Как еще ни благоговел Пушкин перед цивилизаторской деятельностью Петра I, но некоторые из его внутренних по государству распорядков имели силу возбуждать в нем горькое чувство сомнения, что отразилось и в предварительных очерках истории Петра I, за которую он принялся в 1832 году, – но об этом скажем подробнее ниже. Покамест он смотрел на Петра единственно как на безжалостного истребителя единственного сословия, которое еще могло умерять его порывы и увлечения. Он называл его соединением Робеспьера и Наполеона, – в одном лице воплощением всей революции.
«Вот уже 150 лет, – восклицал он, – что «Табель о рангах» сметает дворянство в одну кучу (que la «Табель о рангах» balaye la noblesse), a затем уничтожение майоратства хитростным (плутовским, употребляя его термин) образом при Анне Ивановне и довершило падение передового класса, начатое «Табелью». – Что из этого следует, – прибавлял Пушкин: – восшествие Екатерины II, 14 декабря и т. д.» Пушкин до того сроднился со своим представлением о революционном характере многих мероприятий Петра и других, за ним последовавших, в том же духе, что рассказывает сам в «Записках» своих, как однажды и гораздо позднее описываемой эпохи посетив однажды покойного великого князя Михаила Павловича, сказал ему в глаза на расставании: – Je connais bien votre famille. Les R* – ont été de tout temps révolutionnaires». «Спасибо, – отвечал шутя великий князь, – что наградил новым качеством: нам его недоставало».

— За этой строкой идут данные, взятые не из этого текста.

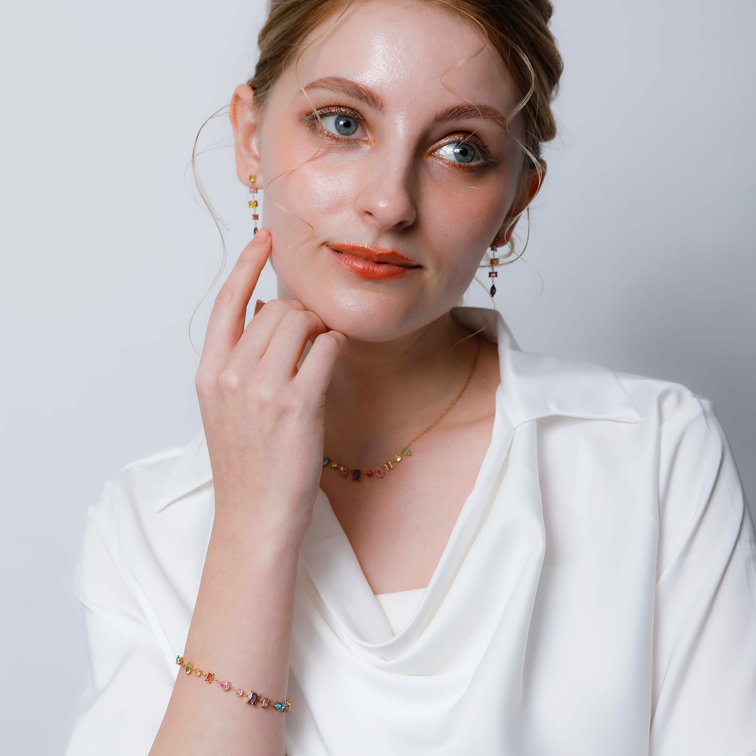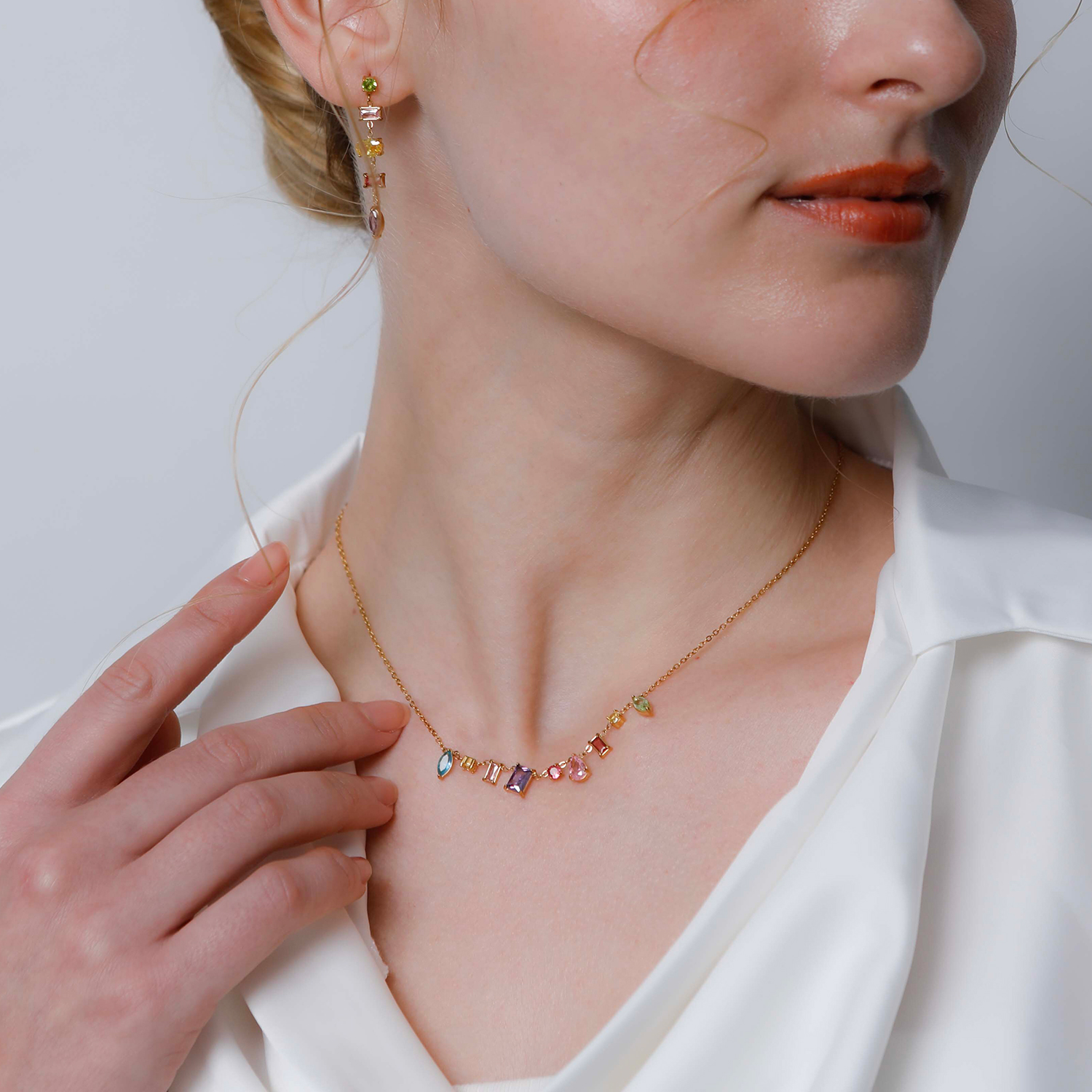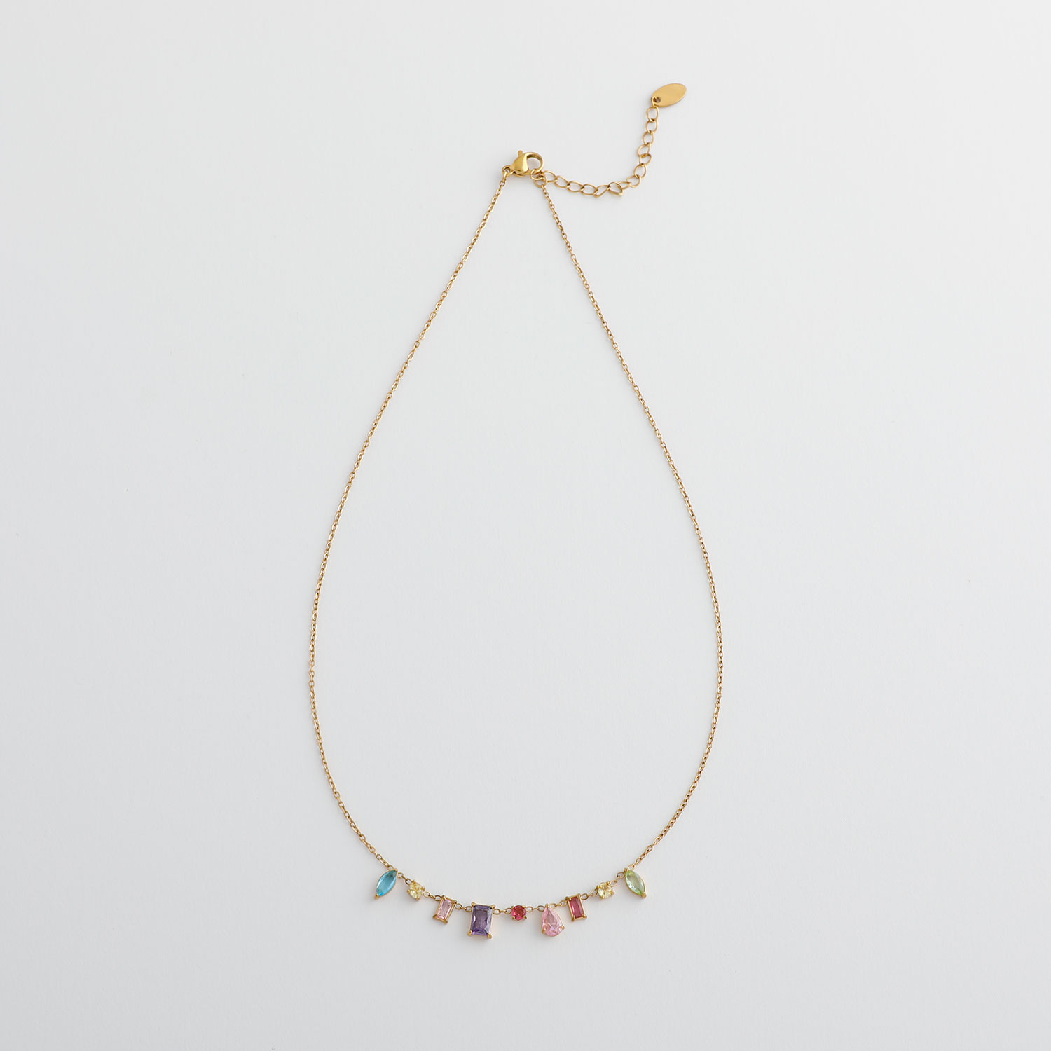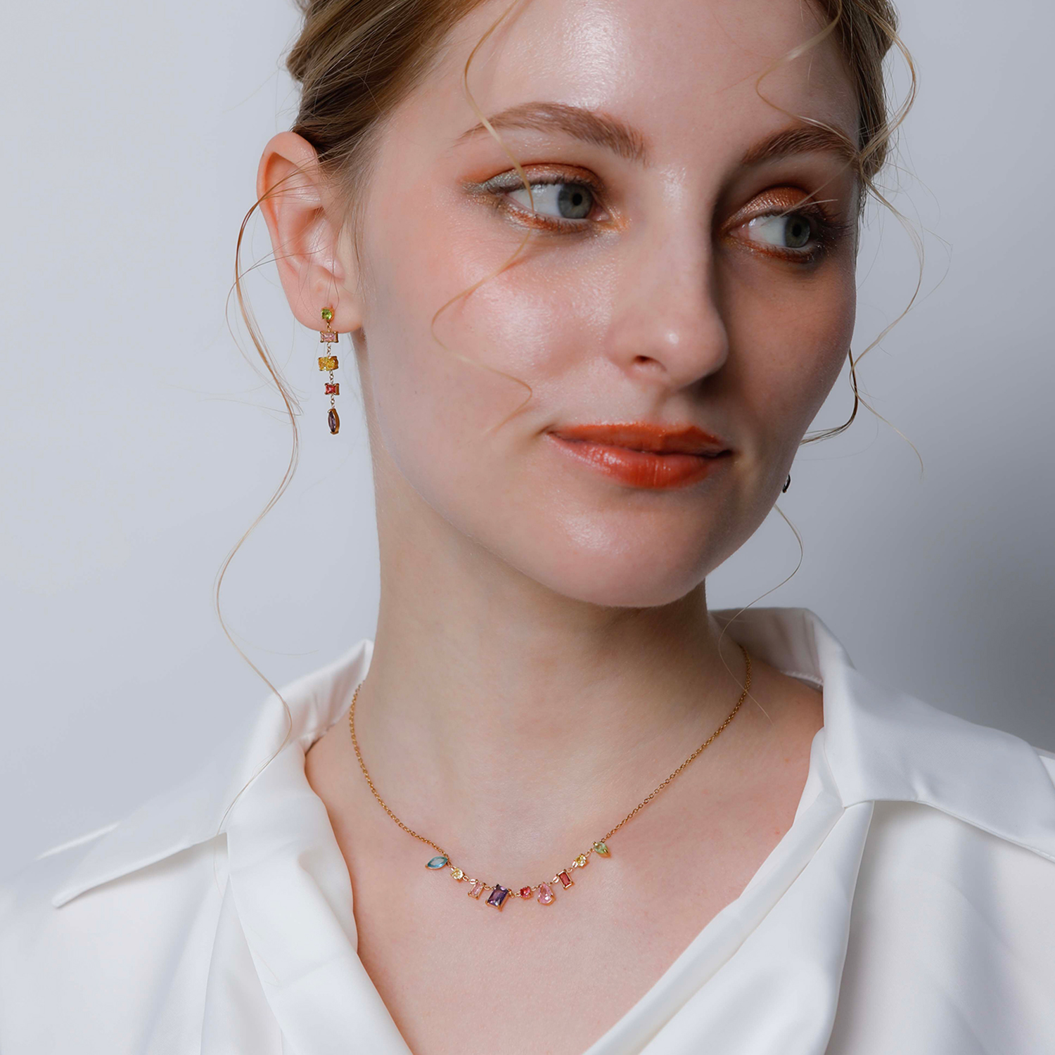 まるで宝石箱をひっくり返したような、鮮やかな色彩が胸元を彩るネックレス。 高品質なキュービックジルコニアを贅沢に連ね、デコルテに沿ってキラキラと眩い光を放ちます。
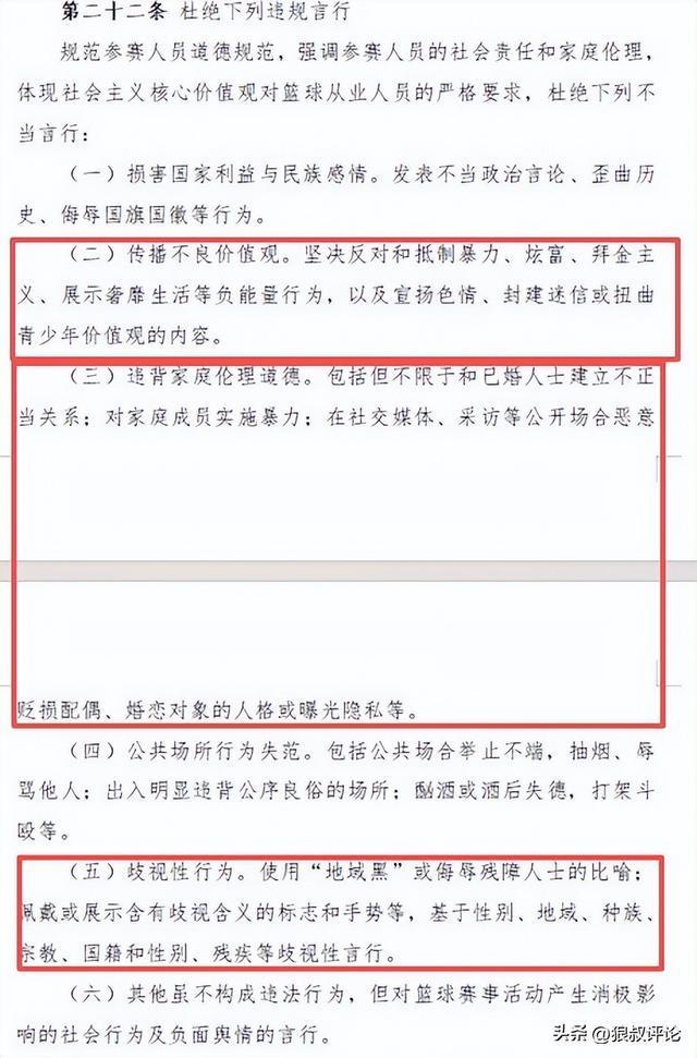 (六)其他虽不构成违法行为,但对篮球赛事活动产生消极影响的社会行为及负面舆情的言行。

В том же порядке идей и под влиянием тех же представлений шли у Пушкина и исторические исследования допетровской старины, ближайшим поводом к которым было появление «Истории русского народа», Полевого. В другом месте (см. «Материалы для биографии Пушкина», 1855 года) указаны были образцы этих набегов на русскую историю, под руководством предвзятой мысли и априористического
метода заниматься ее вопросами, который, как видно и из предшествующих выписок, вошел у него в обычай; этим Пушкин опять связывался с Александровской эпохой, не знавшей другого метода исследования. «История» Полевого, вдобавок, открывала еще к нему и широкую дорогу, будучи сама собранием догадок, более или менее спорных, и попыткой отыскать ключ к уразумению летописных русских данных в трудах западных писателей, объяснявших летописи других народов. Особенно первые тома этой «Истории» представляли массу фальшивых аналогий между фактами западного происхождения и явлениями русского мира, которых сводить вместе было любимым упражнением автора. При кропотливости университетской официальной исторической науки, которая заменила торжественность и самоуверенность прежней Карамзинской школы перечетом летописных сказаний и повторением буквального их смысла, не заботясь о своеобразной племенной народной жизни, за ними скрывавшейся, – «История» Полевого должна была показаться дерзостью. Составитель ее, однако же, предчувствовал, как теперь уже почти всеми признано, некоторые из задач будущего русского историка, но для обработки их ему недоставало научной подготовки и первых необходимых сведений об особенностях славянской культуры, об идеях и представлениях, управлявших славянским миром и определивших его судьбу и развитие. Иначе и быть не могло: важнейшие исследования, осветившие и выдвинувшие на первый план все эти вопросы явились гораздо позднее. Весьма понятно, что присяжные ученые отнеслись к труду Полевого в резких статьях своих со злобой и презрением напрасно потревоженных людей, но гораздо труднее понять – почему вознегодовали на него дилетанты исторической науки, которых тогда было много в обществе, и которые не менее критикуемого автора обладали произвольными взглядами на прошлое Руси, почерпнутыми отовсюду, кроме изучения предмета. Тайна объясняется тем, что построение гипотез всегда у них имело в виду коронование русской истории самыми дорогими (и в сущности вовсе ненужными) венцами, а у Полевого сопровождалось скептическими замашками… Фантазия с отрицающим характером казалась уже нестерпимой. Пушкин тоже восстал против нее.